Bequests are transformational for the donor too because they’re personal. After all, The gift represents the donor’s wealth earned over a lifetime and the way they want their values to live on after they pass.

If you’ve put developing a legacy giving program on the back burner because you’ve thought it’s too complicated, today is the day to bring your pot front and center. 

Legacy giving is not complicated. Most such gifts come from bequests, and these are something everyone understands. If your organization has been around for 10+ years, you should have a bequest program; you’ve earned it by virtue of the fact you’ve been in business this long and folks are relying on you to continue. Bequests and other types of legacy giving are a way to future proof your mission. 

Just like any other kind of philanthropy, the biggest reason folks don’t make legacy gifts is because they aren’t persuaded they’re necessary and they aren’t asked. This is why you need to consciously prioritize bequest giving as one of your front burner strategies. 

One study reported by fundraiser Stephen Pidgeon asked a sample of typical middle-class donors, “Would you consider putting a gift for charity in your will?” More than 90% said yes! However, when asked if they’d already put a gift for charity in their will, fewer than 10% had done so. 

Persuade those who want to keep legacy giving on the back burner by sharing research from several studies revealing:

  • Donors who received a letter directly asking them for a bequest were 17 times more likely to give a bequest than donors who were not asked.
  • Donors surveyed by The Partnership for Philanthropic Planning found 70% of donors who made planned gifts did so because they were asked.

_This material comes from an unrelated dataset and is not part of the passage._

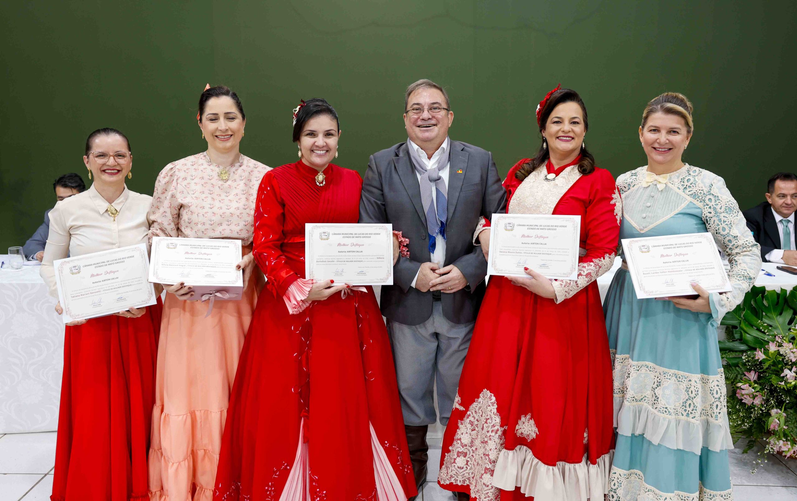 O vereador Airton Callai homenageou cinco mulheres ligadas ao CTG Sentinela da Tradição: Débora Bortolloti Gevehr, educadora e tradicionalista que preserva as raízes gaúchas em sala de aula; Roseli Lurdes Valter Hemkemaier, conhecida por seu acolhimento na comunidade e no Serviço de Animação Vocacional SAV; Silvia Bassani Segat, vice-patroa do CTG e engajada em ações sociais; Tatiana Mariani Barazetti, advogada que alia tradição gaúcha a projetos solidários; e Vanesa Moura Dutra, patroa do CTG e professora que integra cultura e empatia em iniciativas comunitárias.
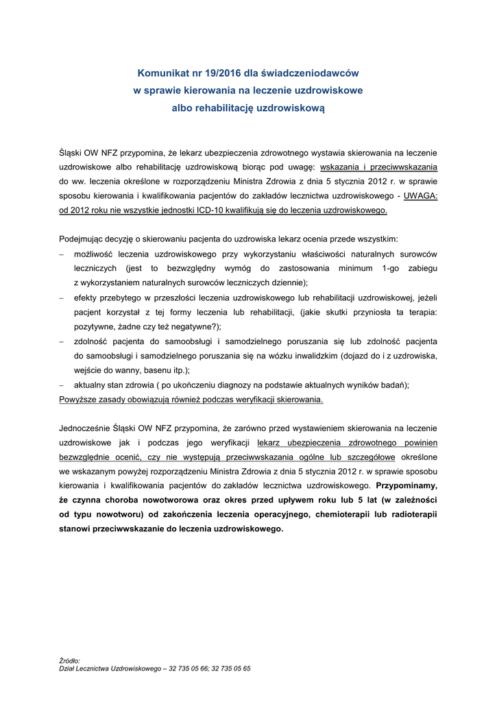 Komunikat nr 19/2016 dla świadczeniodawców w sprawie kierowania na leczenie uzdrowiskowe albo rehabilitację uzdrowiskową Śląski OW NFZ przypomina, że lekarz ubezpieczenia zdrowotnego wystawia skierowania na leczenie uzdrowiskowe albo rehabilitację uzdrowiskową biorąc pod uwagę: wskazania i przeciwwskazania do ww. leczenia określone w rozporządzeniu Ministra Zdrowia z dnia 5 stycznia 2012 r. w sprawie sposobu kierowania i kwalifikowania pacjentów do zakładów lecznictwa uzdrowiskowego - UWAGA: od 2012 roku nie wszystkie jednostki ICD-10 kwalifikują się do leczenia uzdrowiskowego. Podejmując decyzję o skierowaniu pacjenta do uzdrowiska lekarz ocenia przede wszystkim: możliwość leczenia uzdrowiskowego przy wykorzystaniu właściwości naturalnych surowców leczniczych (jest to bezwzględny wymóg do zastosowania minimum 1-go zabiegu z wykorzystaniem naturalnych surowców leczniczych dziennie); efekty przebytego w przeszłości leczenia uzdrowiskowego lub rehabilitacji uzdrowiskowej, jeżeli pacjent korzystał z tej formy leczenia lub rehabilitacji, (jakie skutki przyniosła ta terapia: pozytywne, żadne czy też negatywne?); zdolność pacjenta do samoobsługi i samodzielnego poruszania się lub zdolność pacjenta do samoobsługi i samodzielnego poruszania się na wózku inwalidzkim (dojazd do i z uzdrowiska, wejście do wanny, basenu itp.); aktualny stan zdrowia ( po ukończeniu diagnozy na podstawie aktualnych wyników badań); Powyższe zasady obowiązują również podczas weryfikacji skierowania. Jednocześnie Śląski OW NFZ przypomina, że zarówno przed wystawieniem skierowania na leczenie uzdrowiskowe jak i podczas jego weryfikacji lekarz ubezpieczenia zdrowotnego powinien bezwzględnie ocenić, czy nie występują przeciwwskazania ogólne lub szczegółowe określone we wskazanym powyżej rozporządzeniu Ministra Zdrowia z dnia 5 stycznia 2012 r. w sprawie sposobu kierowania i kwalifikowania pacjentów do zakładów lecznictwa uzdrowiskowego. Przypominamy, że czynna choroba nowotworowa oraz okres przed upływem roku lub 5 lat (w zależności od typu nowotworu) od zakończenia leczenia operacyjnego, chemioterapii lub radioterapii stanowi przeciwwskazanie do leczenia uzdrowiskowego. Źródło: Dział Lecznictwa Uzdrowiskowego – 32 735 05 66; 32 735 05 65

One way to have a meaningful, personal conversation with a donor is to ask them what legacy they would like to leave the world. People love to talk about themselves, and this gets them talking about their values. Since all fundraising is a value-for-value exchange, this can be a meaningful way to guide folks toward a discussion of their philanthropic priorities. 

TIP: Donors don’t have to be super wealthy to make a bequest; reach out to all your mid-level and major donors. You can also go beyond these folks to anyone who’s been especially loyal as a donor, volunteer, or user of services. Just commit to putting the word out there that you value legacy gifts. Tell folks what a bequest can accomplish, and how much you’d be honored to partner with them to make a lasting difference in your community and the world.

Want to learn more about taking donors to the next level? Rather than winging it, it helps to be taught by the best in the business. And that’s where the Veritus Group Certification Course for Major Gift Fundraisers and/or the Certification Course for Mid-Level Donors may be just what the doctor ordered.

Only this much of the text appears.